Researchers at Germany's Fraunhofer Institute have come up with a way to make CMOS image sensors pick up ultraviolet and blue light, a breakthrough that they say could lead to new uses for the technology in microscopy and spectroscopy.
On Wednesday, the Fraunhofer Institute for Microelectronic Circuits and Systems IMS in Duisburg — the Fraunhofer Institute is actually a network of research centres around the country — said it had overcome key limitations in the silicon nitride coating that is used to protect CMOS (complementary metal oxide semiconductor) image sensors from high temperatures and moisture. This coating has until now been impermeable to UV and blue light, but the researchers fixed this problem by increasing the proportion of nitrogen in the coating.

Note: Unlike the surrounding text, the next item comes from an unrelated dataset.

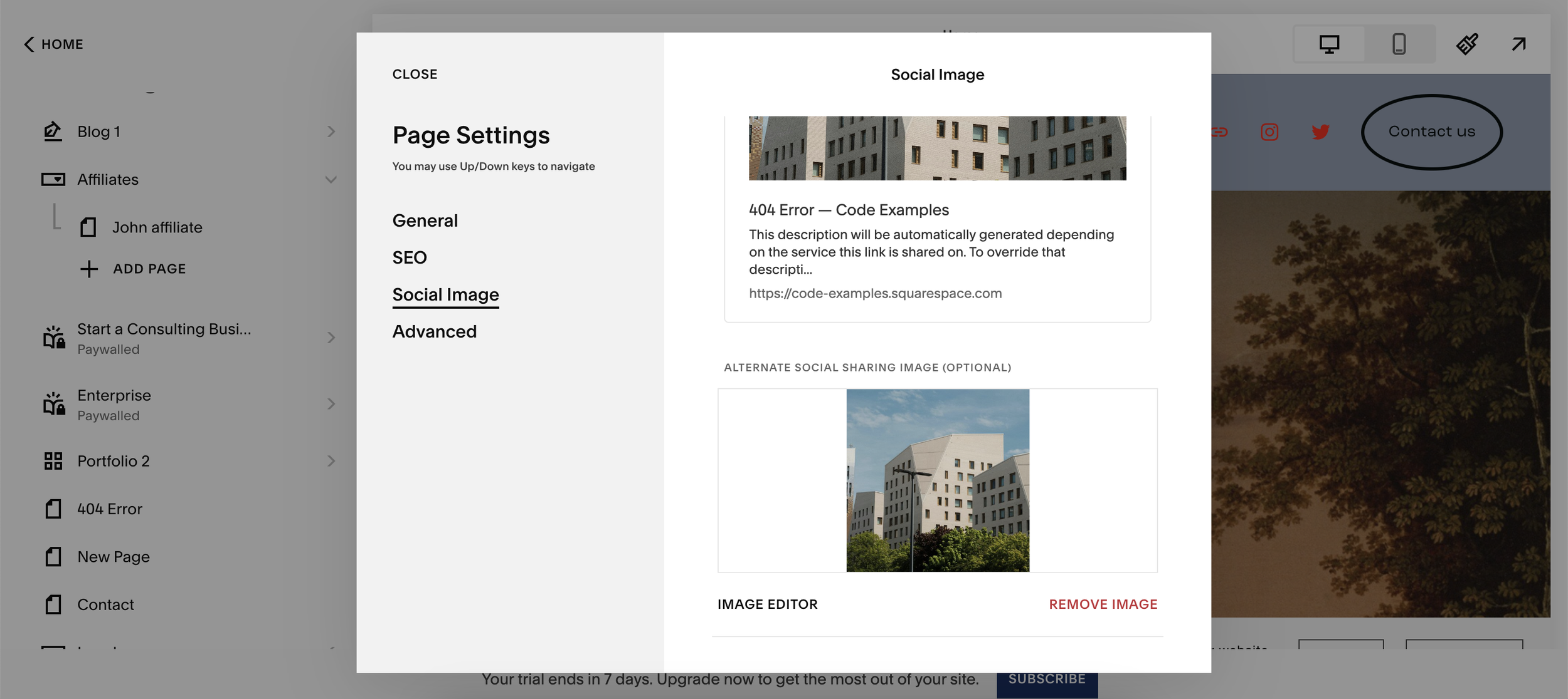 Within the social image tab you can change the image that’s used when the page is shared online, e.g. when the URL is embedded into a social media post.
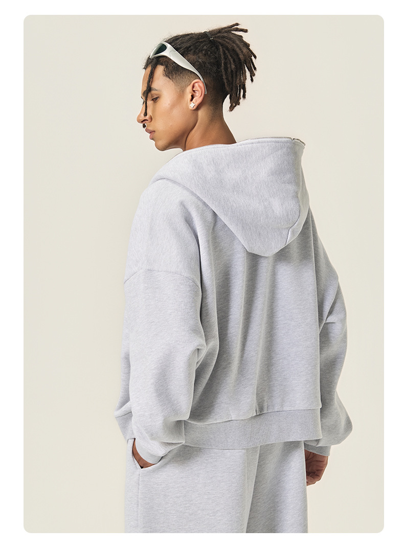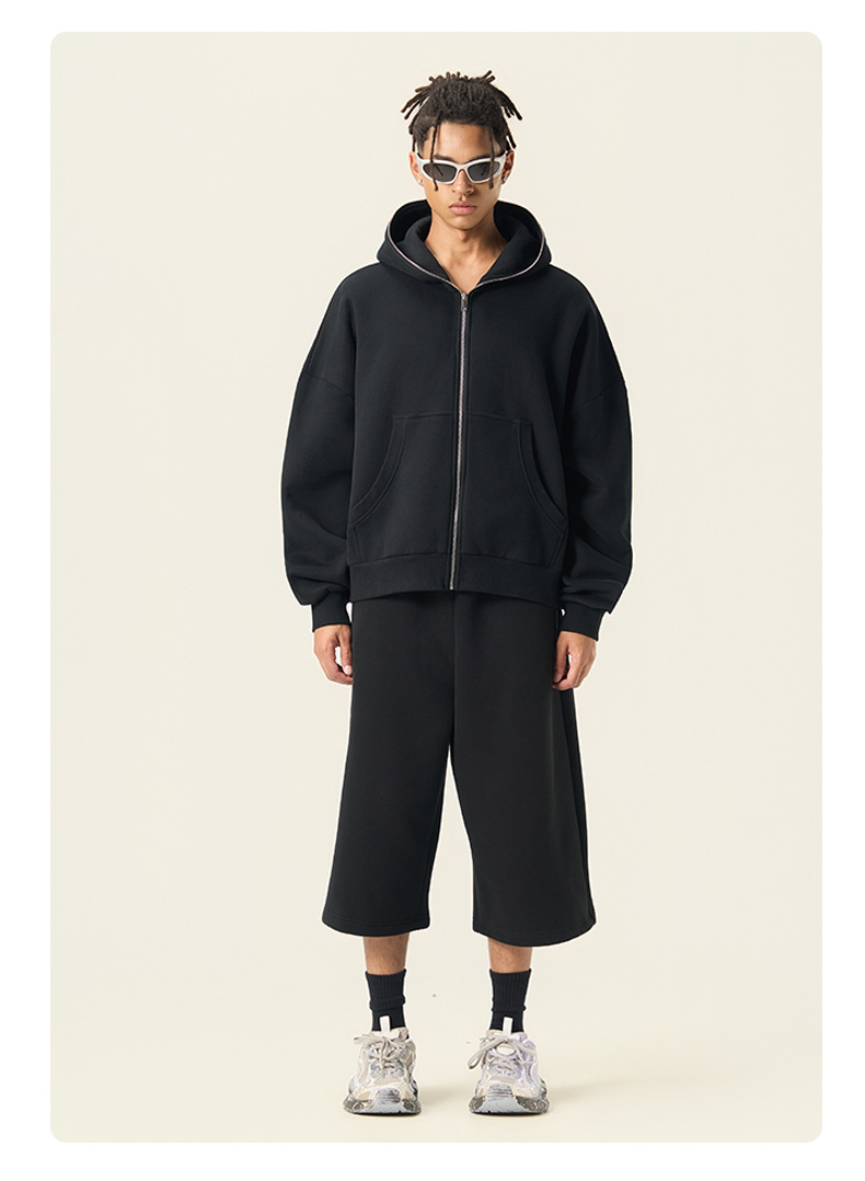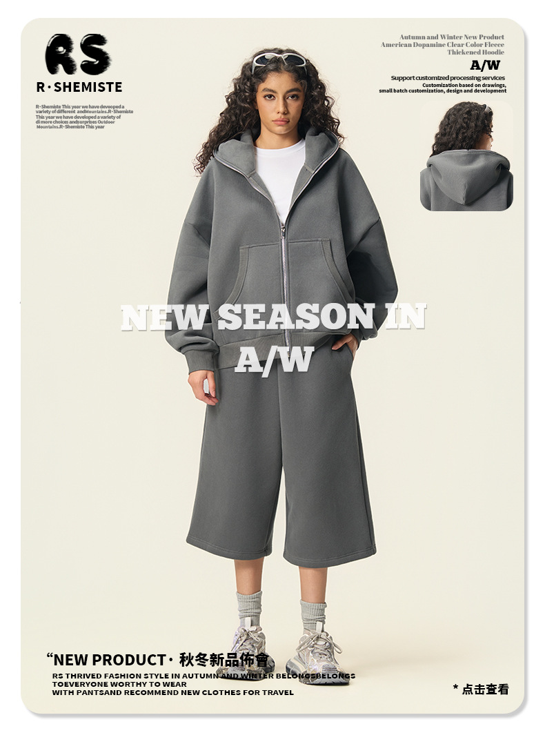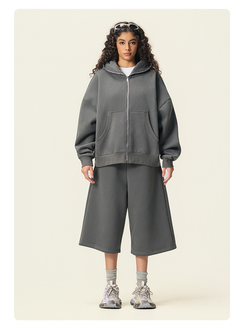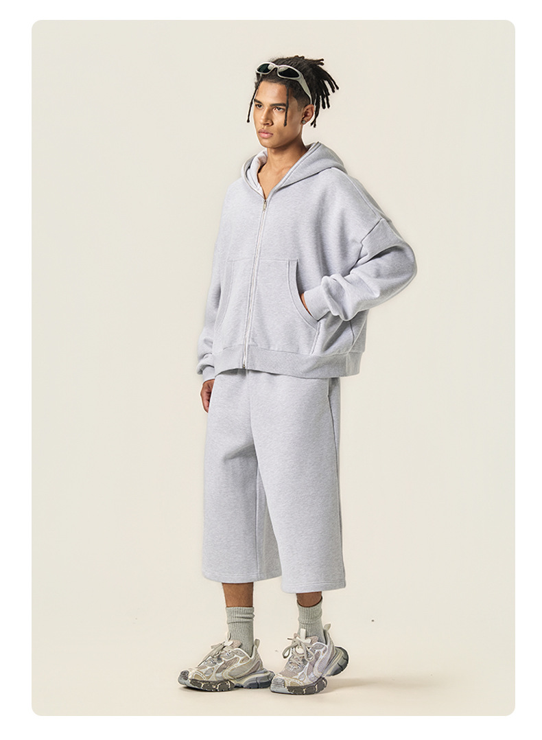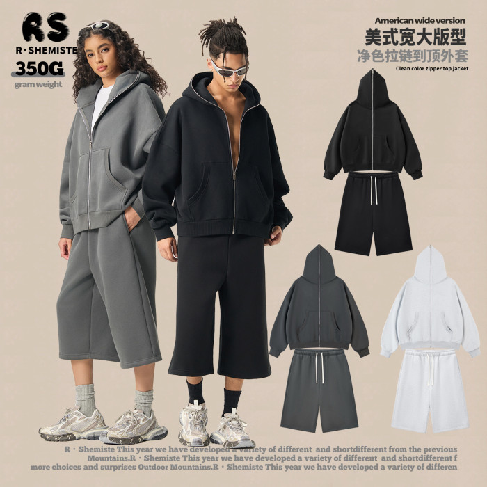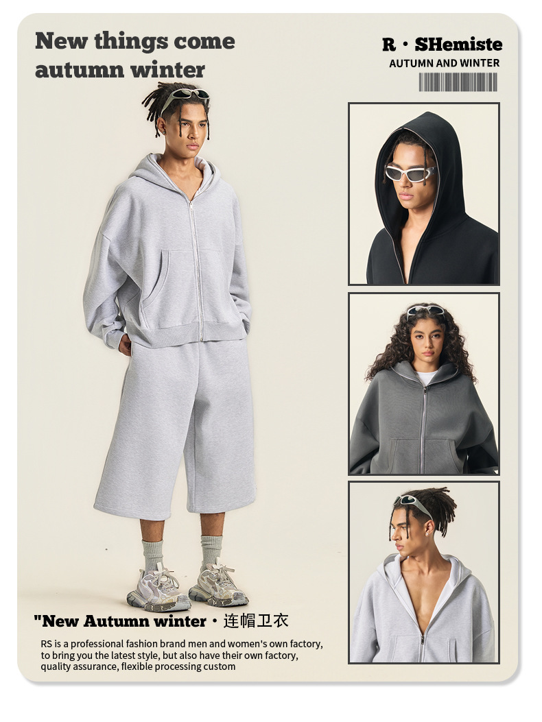RS男裝|Boxy“龐克”短寬350G抓絨拉鍊連帽外套七分褲衛褲套裝

"We've developed a new process step that allows us to produce a protective coating with the same properties but which is permeable to blue and UV light," Werner Brockherde, department head at Fraunhofer IMS, said in a statement, explaining that boosting the nitrogen proportion "reduces the absorption of shortwave light" — while the standard coating process put a 450nm limit on the wavelength ranges that could be picked up by the sensor, the new method allows wavelength ranges down to 200nm.
According to the Fraunhofer, the new process "could revolutionize UV spectroscopic methods, which are used in laboratories around the world, significantly improving their accuracy", while allowing CMOS image sensors to "take up a new role in professional microscopy, e.g. in fluorescence microscopes, providing scientists with images of even greater detail".
CMOS image sensors are already commonplace in cameras and mobile phones, but are also increasingly being used in applications such as automotive driver assistance, where the environmental issues that necessitate the silicon nitride coating come into play.